Heureux serviteur !
19ème dimanche ordinaire
Sagesse 18, 6-9 ; Hébreux 11, 1-19 ; Luc12, 32-48
Plusieurs paroles et paraboles de Jésus utilisent l’image du serviteur, ou celle de l’intendant d’un domaine pour décrire la place, le rôle des disciples dans la communauté. C’est tantôt l’intendant fidèle, ou l’intendant malhonnête, ou celui qui court les rues et les places pour inviter au repas. C’est encore celui qui gère les biens du roi pendant son voyage à l’étranger etc. Il peut être utile de connaître le fonctionnement de la société du 1er siècle, afin de se faire une idée plus précise des rapports entre maîtres et serviteurs, entre maîtres et gestionnaires des biens de la propriété. Mas le texte par lui-même donne déjà bien des indices de ce que Jésus attend des disciples.
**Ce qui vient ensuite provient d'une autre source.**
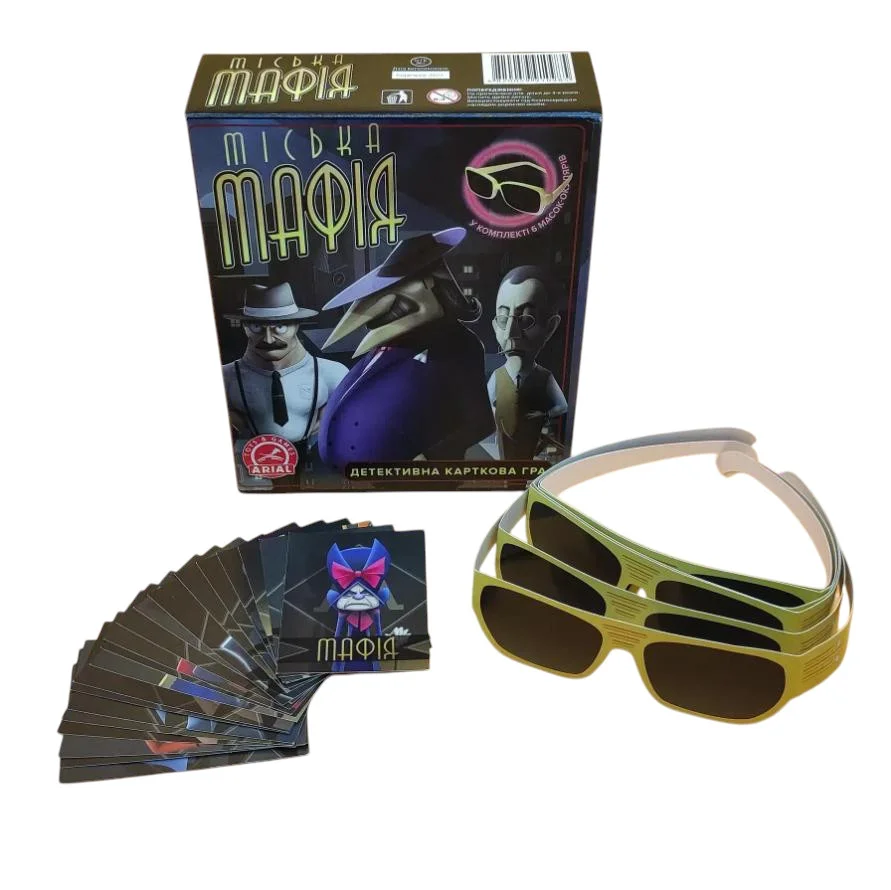 Настільна гра Arial Міська Мафія 910985 з нової колекції української торгової марки Arial - це ідеальний подарунок для будь-якого юного детектива старше 10-ти років. На учасників чекає захоплююча пригода, яка має психологічний характер, з боротьбою між мирними жителями і представниками мафії, з'ясовуваннями злочинів і викриттями мафіозі. Якщо команда грає роль мафії, то учасники повинні проявити винахідливість, обережність і спритність, щоб довести свою невинність. Орієнтований на діток старшої вікової групи, ігровий комплект підійде для компанії від 2-х до 4-х чоловік. Набір від українського виробника Arial містить гральні картки і правила, доповнені красивою, подарунковою коробкою. Гра націлена на виховання командного духу, розвиток соціально-комунікативних навичок, асоціативного мислення, швидкості реакції і спритності.
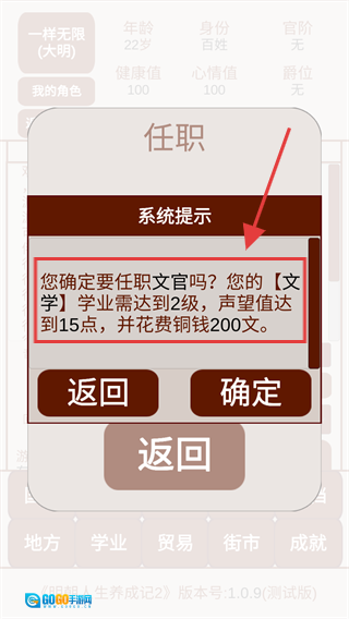 3、担任文官需满足【文学】等级达到2级、声望值积累至15点以及持有200文铜钱的条件,待各项要求均达成后确认任职,即可开启官场派系角逐与官职进阶的通道。

Cela commence par l’affirmation d’une certaine distance à garder d’avec les biens, distance nécessaire pour avoir l’esprit libre. Chacun d’entre nous sait combien il est aujourd’hui conditionné par les hausses et les baisses en bourse, les taux de rendement, ou le coût du remboursement des emprunts. Comment avoir l’esprit libre quand on n’arrive pas à joindre les deux bouts, parce qu’on ne gagne que 510€ par mois ? Sois sans crainte, dit Jésus… Facile à dire, mais concrètement, comment faire si l’on n’a pas d’amis qui ont de quoi subvenir à ses besoins primaires ou ses besoins d’évasion ? Nous avons pu voir et entendre les vacanciers d’un jour qui, grâce au Secours catholique ou populaire, grâce à ATD quart-monde qui ont pu l’espace de quelques heures vivre en paix, loin des soucis quotidiens !
Mais l’évangile proposé ce jour n’en reste pas à développer la tranquillité d’esprit ; il provoque à bien autre chose. Il est une invitation pressante à œuvrer, 24h/24, pour le service de Jésus et de son royaume. Et pour aider à comprendre, Jésus précise : comme un maître -ou une maîtresse- de maison qui veille à ce que chacun ait sa part de pain, sa part de vie. Le serviteur dont parle Jésus est sobre, vigilant, actif à toute heure du jour et de la nuit. Bien sûr Jésus pousse le trait jusqu’aux limites du possible, comme en bien des paraboles. On voit bien ce qu’il attend de ses disciples :non pas quelques minutes ou une heure par semaine, mais une attitude constante pour que vienne le Royaume, comme on le prie dans le Notre Père.
Peut-être devrions-nous relire le commentaire que Jean-Paul II faisait des ouvriers envoyés à la vigne. C’était il y a vingt ans. La vigne, c’est le monde disait-il., après avoir dit son étonnement pour la foule des personnes, hommes et femmes que le Seigneur appelle et envoie. Commentant la parole « Allez, vous aussi à ma vigne », Jean-Paul II demande : « Examinez donc un peu,mes frères, votre mode de vie, et vérifiez bien si déjà vous êtes des ouvriers du Seigneur. Que chacun juge ce qu’il faut et se rende compte s’il travaille dans la vigne du Seigneur ». Il ne s’agit donc pas d’une spiritualité éthérée, hors des réalités humaines, mais bien d’être. Il évoque alors deux tentations, l’une qui serait de se désengager des responsabilités spécifiques au plan professionnel, social, économique, culturel et politique ; l’autre tentation est de légitimer l’injustifiable séparation entre la foi et la vie, entre l’accueil de l’évangile et l’action concrète dans les domaines temporels. (Les laïcs fidèles du Christ)
Qui peut dire que ces paroles sont d’un autre âge ? Cette parole de Jean-Paul II, rejoint la parole de Jésus pour qui l’attente doit être active, gérant les affaires quotidiennes et la distribution juste des biens de la propriété.